Slowing Down

August 25, 2010 | Present

There’s been a lot of press over the past month or two about the possible dangers of multitasking, and how it can hurt our ability to focus and remember. But it was only last night, driving home from work, and not distracted by all the other web pages fighting for my attention, that I really “got” the story. Listening to this interview with Matt Richtel, the journalist who has been reporting this topic for the NYTimes, I was able to  gave some attention to the topic.

Much of the research is still on-going, some of the findings are pretty interesting:

  • Every time you check your email [on a mobile device?] you experience stress.
  • Checking our devices reduces the degree to which we’re engaged in the world around us.
  • It’s important for us to take breaks from our devices in order to be physically healthy.
  • By being constantly interrupted, or drawn to our devices, we have less time to process the day’s input, let our minds wander, and to think creatively.
  • Even small things, like hyperlinks in text, reduces our focus on what we’re reading, and decreases comprehension.
  • And, from much earlier research, people can only really focus on one task at a time. (The specific example he gave was that we can’t listen to more than one conversation at a time, but generalizes to: multitasking is ineffective.)

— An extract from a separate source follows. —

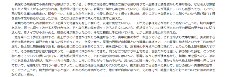 まず一つ目は、夏目漱石の「坊っちゃん」の冒頭部分の文章が記載されているgifファイルです。
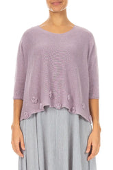 Pull en lin lilas orné de fleurs

Individually, most of these aren’t really surprising — we kinda know them already. But the idea that there may be brain-chemistry explanations for them, potentially with long-term mental-health implications, is the big deal. He uses food as an analogy — both food and technology nourish us and are essential, but overindulging can be unhealthy. Some technologies are akin to “brussels sprouts” while others are more like “cookies.”

After hearing the story I started to think about my iPad. Lots has been written about how the iPad, with less emphasis on multitasking and multiple simultaneous windows, encourages greater concentration and focus. It’s much easier to, for example, read a book, or watch a video on an iPad because it’s harder to quickly jump to another app. It may not be the ideal environment for power-users, but the result is a calmer experience.

The story also reminded me of when, in “The September Issue,” Vogue creative director Grace Coddington tells of working with photographer Norman Parkinson. His advice to her: “Always keep your eyes open, keep watching because whatever you see out the window can inspire you.”

So… my immediate resolutions: remove distracting apps from my iPhone (goodbye We Rule), stop checking my phone so frequently for new messages, try, as much as possible, to use my iPad instead of my laptop, and… slow down. We’ll see how it goes.

In the spirit of calming down (and to give this post at least one image) check out Oblique Strategies for the iPhone.